Keep the wording of every entry intact in your copy, and omit the pictures.

LISTED RECORDS ::
··········

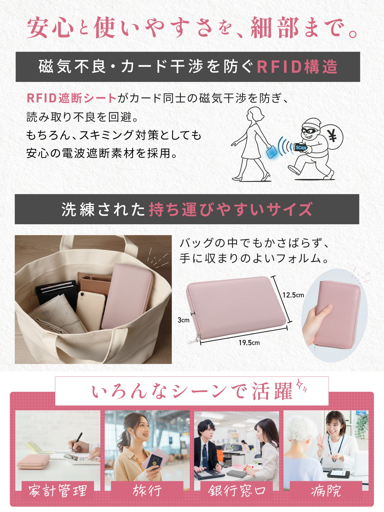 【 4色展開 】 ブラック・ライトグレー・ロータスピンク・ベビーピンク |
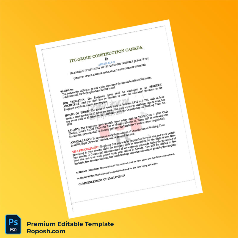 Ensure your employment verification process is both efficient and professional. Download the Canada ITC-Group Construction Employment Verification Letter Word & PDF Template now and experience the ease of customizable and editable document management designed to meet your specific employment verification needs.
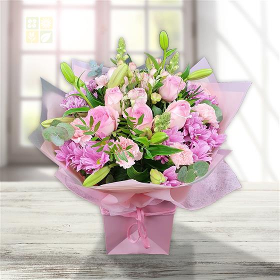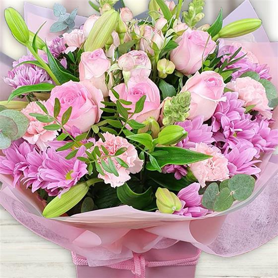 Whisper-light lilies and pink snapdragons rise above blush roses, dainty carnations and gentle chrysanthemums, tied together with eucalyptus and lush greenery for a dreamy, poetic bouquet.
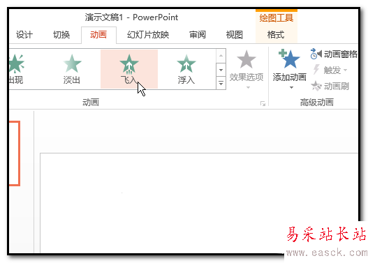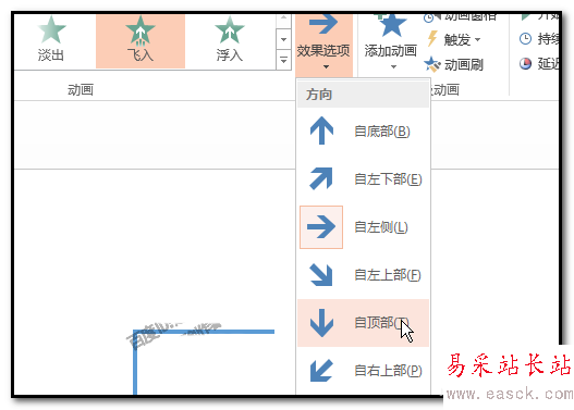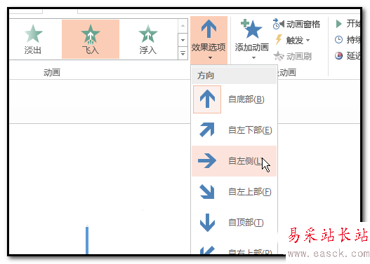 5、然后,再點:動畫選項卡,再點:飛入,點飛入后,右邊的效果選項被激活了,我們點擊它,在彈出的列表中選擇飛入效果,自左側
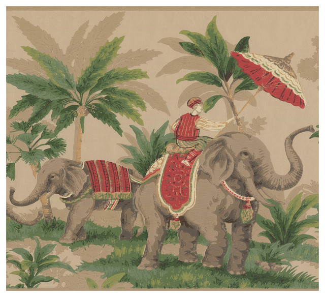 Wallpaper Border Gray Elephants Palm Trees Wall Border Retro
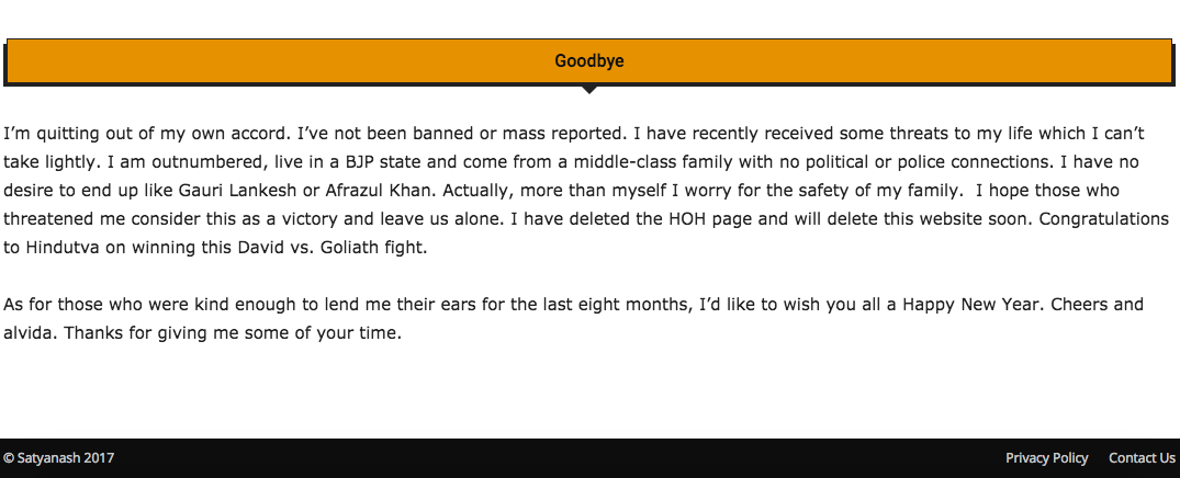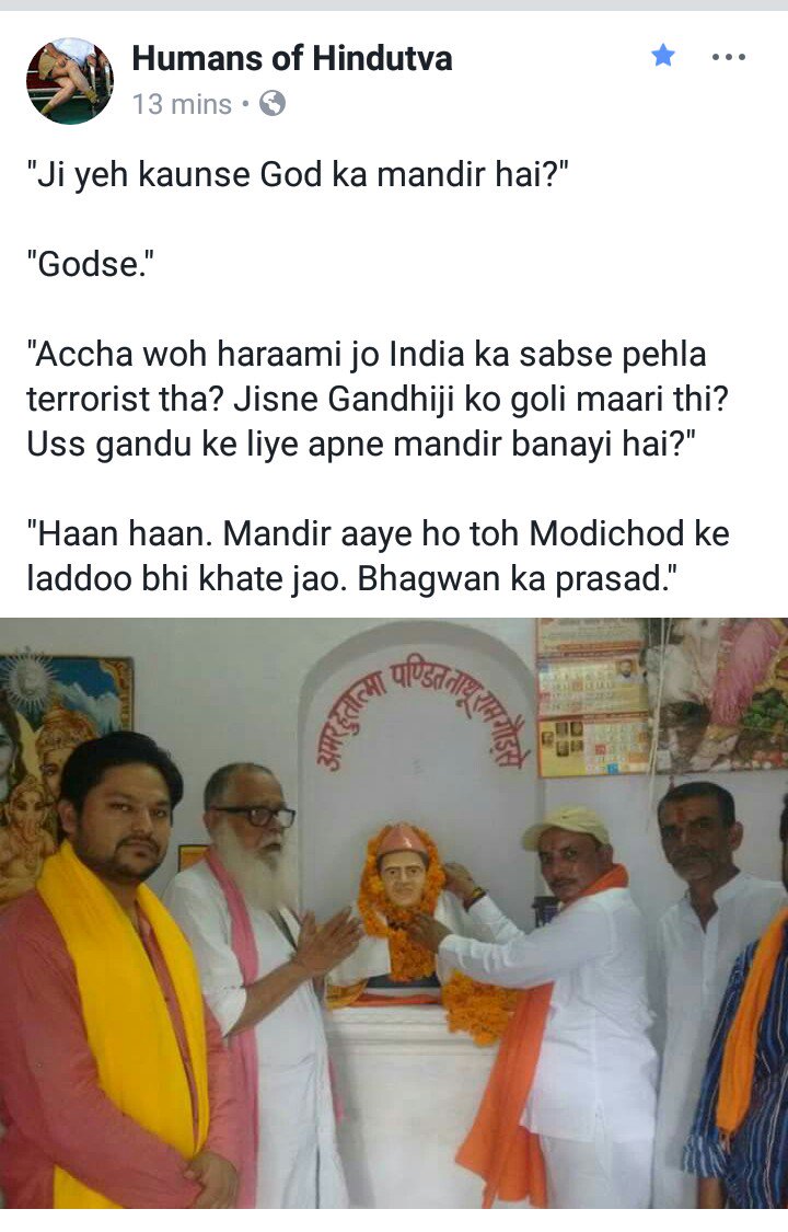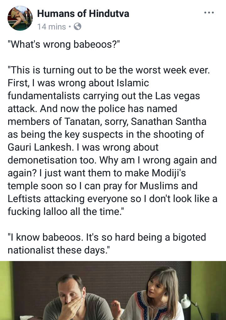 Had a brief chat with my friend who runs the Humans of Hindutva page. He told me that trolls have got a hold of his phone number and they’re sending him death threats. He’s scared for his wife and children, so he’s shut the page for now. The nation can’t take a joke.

··········

ANSWER ::
 【 4色展開 】 ブラック・ライトグレー・ロータスピンク・ベビーピンク |
 Ensure your employment verification process is both efficient and professional. Download the Canada ITC-Group Construction Employment Verification Letter Word & PDF Template now and experience the ease of customizable and editable document management designed to meet your specific employment verification needs.
 Whisper-light lilies and pink snapdragons rise above blush roses, dainty carnations and gentle chrysanthemums, tied together with eucalyptus and lush greenery for a dreamy, poetic bouquet.
 5、然后,再點:動畫選項卡,再點:飛入,點飛入后,右邊的效果選項被激活了,我們點擊它,在彈出的列表中選擇飛入效果,自左側
 Wallpaper Border Gray Elephants Palm Trees Wall Border Retro
 Had a brief chat with my friend who runs the Humans of Hindutva page. He told me that trolls have got a hold of his phone number and they’re sending him death threats. He’s scared for his wife and children, so he’s shut the page for now. The nation can’t take a joke.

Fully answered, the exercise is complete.